When measuring minor changes for quantities like forces, magnetic fields, masses of small particles, or even gravitational waves, physicists use micro-mechanical resonators, which act like tuning forks, resonating at specific frequencies. Traditionally, it was assumed that the temperature across these devices is uniform.
However, new research from JILA Fellow and University of Colorado Boulder physics professor Cindy Regal and her team, Dr. Ravid Shaniv and graduate student Chris Reetz has found that in specific scenarios, such as advanced studies looking at the interactions between light and mechanical objects, the temperature might differ in various resonator parts, which leads to unexpected behaviors. Their observations, published in Physical Review Research, can potentially revolutionize the design of micro-mechanical resonators for quantum technology and precision sensing.
“In quantum science experiments, understanding this temperature difference’s ramifications will allow you to generate your mechanical quantum state with better fidelity and keep it unperturbed for longer, both essential starting points for quantum applications,” elaborated JILA postdoctoral research associate and first author Ravid Shaniv.
The Modes of Minute Measurers
Due to their flexible design, micro-mechanical resonators are a standard tool in many different fields of physics. These devices are often made of silicon or similar materials and can take various shapes: beams, cantilevers, membranes, or disks. Their small size allows them to oscillate at high frequencies, often in the megahertz (MHz) range to gigahertz (GHz).
The versatility of a micro-mechanical resonator’s design also allows physicists to fine-tune their oscillations. Just as a guitar string can vibrate in multiple ways (with the whole string moving back and forth or just parts wiggling while the rest remains still), micro-mechanical resonators can oscillate in different patterns or “modes.” The most familiar mode is the fundamental mode, where the entire structure moves in unison. But there are also higher-order modes, where other resonator parts move in more complex patterns.
To measure a resonator’s motion, physicists use laser beams. The resonator acts like a “moving mirror,” and the laser light that bounces off carries information about its position. When compared to light that bounces off a separate fixed mirror, an interference pattern is developed, revealing the resonator's motion to ultra-high precision.
Over the years of observing these modes optically and discussing them with other physicists, Shaniv and Regal realized something interesting. “People have observed that some of these modes exhibit more thermal motion than others,” Shaniv stated. “Typically, people want to eliminate this motion as much as possible because it could overshadow any small effect they want to sense.”
Physicists have posited that this excess of thermal motion could be due to the resonator absorbing laser light in the form of heat.

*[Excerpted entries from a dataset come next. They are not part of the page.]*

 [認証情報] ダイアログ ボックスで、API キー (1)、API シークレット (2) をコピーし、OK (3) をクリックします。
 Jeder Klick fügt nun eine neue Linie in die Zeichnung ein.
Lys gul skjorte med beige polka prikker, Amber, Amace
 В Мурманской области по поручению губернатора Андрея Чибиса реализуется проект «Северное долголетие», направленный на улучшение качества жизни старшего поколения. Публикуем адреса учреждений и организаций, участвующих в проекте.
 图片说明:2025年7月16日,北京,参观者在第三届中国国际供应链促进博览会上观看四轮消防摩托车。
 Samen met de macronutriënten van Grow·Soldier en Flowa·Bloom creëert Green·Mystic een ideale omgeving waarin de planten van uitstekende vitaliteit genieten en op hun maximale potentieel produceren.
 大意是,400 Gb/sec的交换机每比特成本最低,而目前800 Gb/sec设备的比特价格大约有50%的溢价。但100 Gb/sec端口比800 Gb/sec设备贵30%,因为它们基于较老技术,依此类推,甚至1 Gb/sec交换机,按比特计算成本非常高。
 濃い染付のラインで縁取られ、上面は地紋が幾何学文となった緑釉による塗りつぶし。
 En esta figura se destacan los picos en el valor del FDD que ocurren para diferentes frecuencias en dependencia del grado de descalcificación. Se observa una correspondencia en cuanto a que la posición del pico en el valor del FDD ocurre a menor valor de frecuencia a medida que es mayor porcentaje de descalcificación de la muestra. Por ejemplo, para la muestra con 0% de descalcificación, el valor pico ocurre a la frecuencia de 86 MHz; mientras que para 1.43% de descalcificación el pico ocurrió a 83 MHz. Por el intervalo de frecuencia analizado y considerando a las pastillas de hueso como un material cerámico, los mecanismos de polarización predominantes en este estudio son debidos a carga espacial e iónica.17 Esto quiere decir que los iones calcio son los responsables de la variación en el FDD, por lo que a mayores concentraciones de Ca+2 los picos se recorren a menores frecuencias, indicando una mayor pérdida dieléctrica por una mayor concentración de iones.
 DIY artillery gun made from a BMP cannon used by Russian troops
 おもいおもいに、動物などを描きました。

Different resonator modes can have different movement patterns, leading to varying areas of stress or strain, which can, in turn, lead to distinct magnitudes of thermal motion.

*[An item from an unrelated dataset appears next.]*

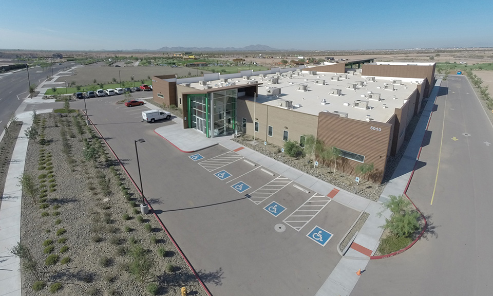 The Huitt-Zollars team provided planning, survey, and final engineering services for 4.5 miles of arterial infrastructure roadway and 1 mile of drainage channel infrastructure. In the second phase, Huitt-Zollars designed another 2.5 miles of infrastructure roadway and an additional 1,000 lots. Huitt-Zollars was responsible for all civil engineering design including paving, grading and drainage, water, and sewer and storm drain design for the infrastructure roadways and parcels associated with the Eastmark Master Planned Community. Huitt-Zollars was also involved in the design of a 1.7-acre Community Center, a major focal point of the community, and a 4-acre BASIS Mesa School site. Our team provided field survey, preliminary design, final engineering, and construction administration services. Extensive coordination was required with the City of Mesa, the Flood Control District of Maricopa County, and all the utility companies to complete the project.
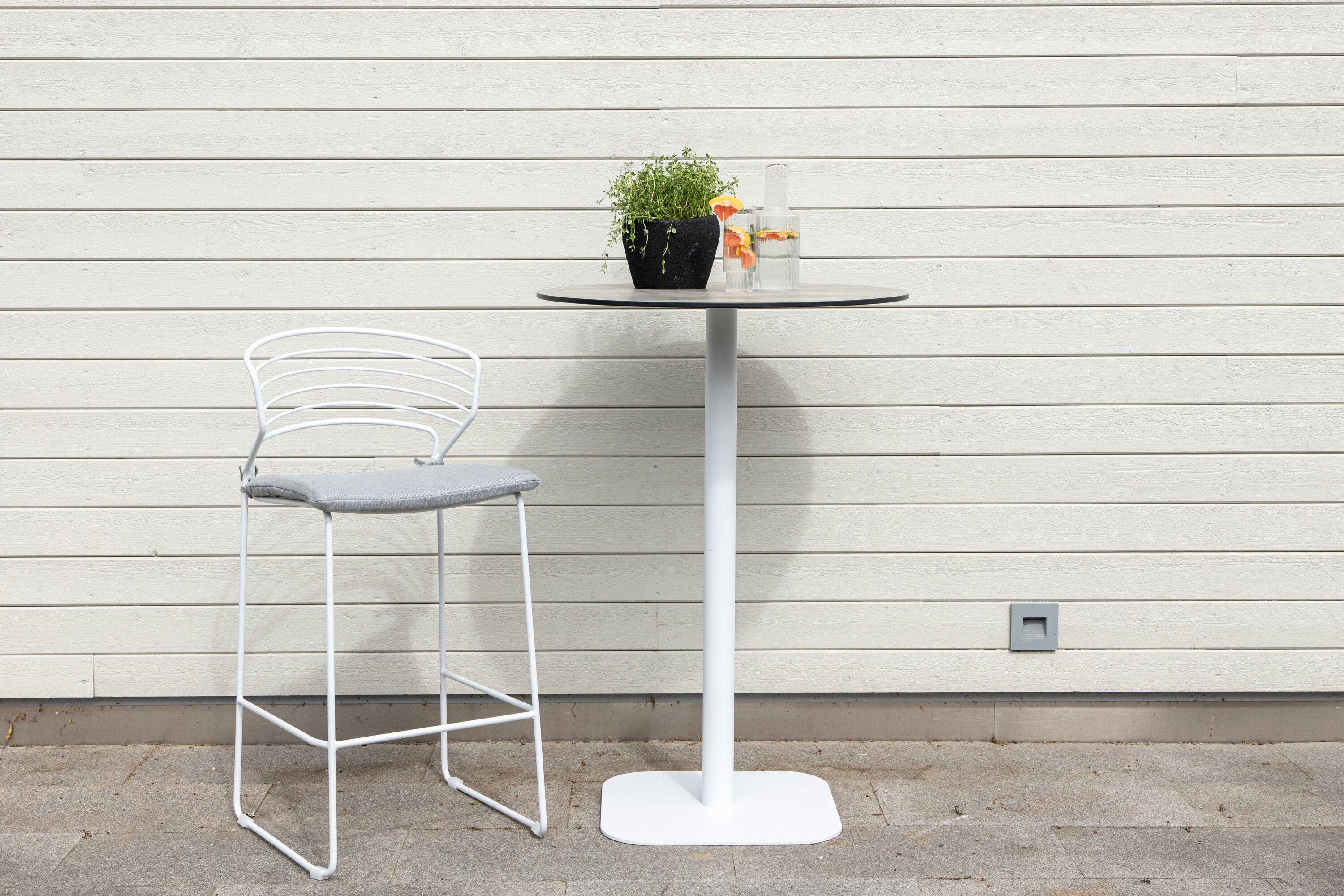 Erleben Sie eine geschmackvolle Kombination aus Eleganz und Funktionalität mit dem Milano-Bartisch. Milano ist die perfekte Ergänzung für Ihr Zuhause. Die Tischplatte in elegantem Grau verleiht Milano ein modernes und raffiniertes Gefühl, während das runde Tischbein in Weiß für einen frischen Kontrast sorgt. Das schlanke und einfache Design ermöglicht es diesem Stehtisch, sich in verschiedene Einrichtungsstile einzufügen und bietet einen eleganten Ausdruck.

In many observations, the more complex the mode of the resonator, the more it's thermal energy deviates from previous theories, which suggested the temperature for every mode was identical. Shaniv continued: “We wanted to track down the reason for that and how you can achieve the optimum design for these modes.”
Creating Temperature Profiles
To dive deeper into this temperature conundrum, Shaniv and Regal created specific temperature profiles for each mode. To do this, the researchers utilized a “phononic crystal” comprised of silicon nitride. The crystal acted as a playground where the researchers could engineer the resonator modes and generate varying temperature profiles, allowing them to observe the induced thermal motion of each resonator mode.
To create the temperature profile, the team heated a point on the crystal to very high temperatures while keeping the resonator edge at room temperature. After a profile was developed and thermal motion was measured, the researchers found some rather interesting results. Depending on the mode geometry, some modes showed increased thermal motion, while, even though parts of the resonator were extremely hot, others showed only mild heating, and some exhibited no heating at all. “By turning the knob all the way in the experiment, you could see this striking difference,” elaborated Regal.
Shaniv continued: “Looking at these really large temperature differences between modes, we were able to construct the temperature profile of a resonator directly from measured thermal motion and even find some material parameters that are typically not straightforward to evaluate, for example, the emissivity, which is how much radiation our device emits.”
By seeing which modes correlated to different thermal motions, the team could begin to predict how the resonators’ performance may change depending on their mode. As Regal explained: “A natural next step is to ask whether these concepts can be put to use not only in understanding how to keep resonators cold for quantum studies but also in thermal sensing.”
Designing Better Resonators
With the insights gained, the scientific and engineering communities could make significant strides in designing and applying these minuscule yet crucial devices. “We actually gave in our paper a real figure of merit, with which groups can work in this direction,” Shaniv elaborated. “For example, we now have a specific parameter to throw as a constraint into the computer and try to generate the best possible resonator.”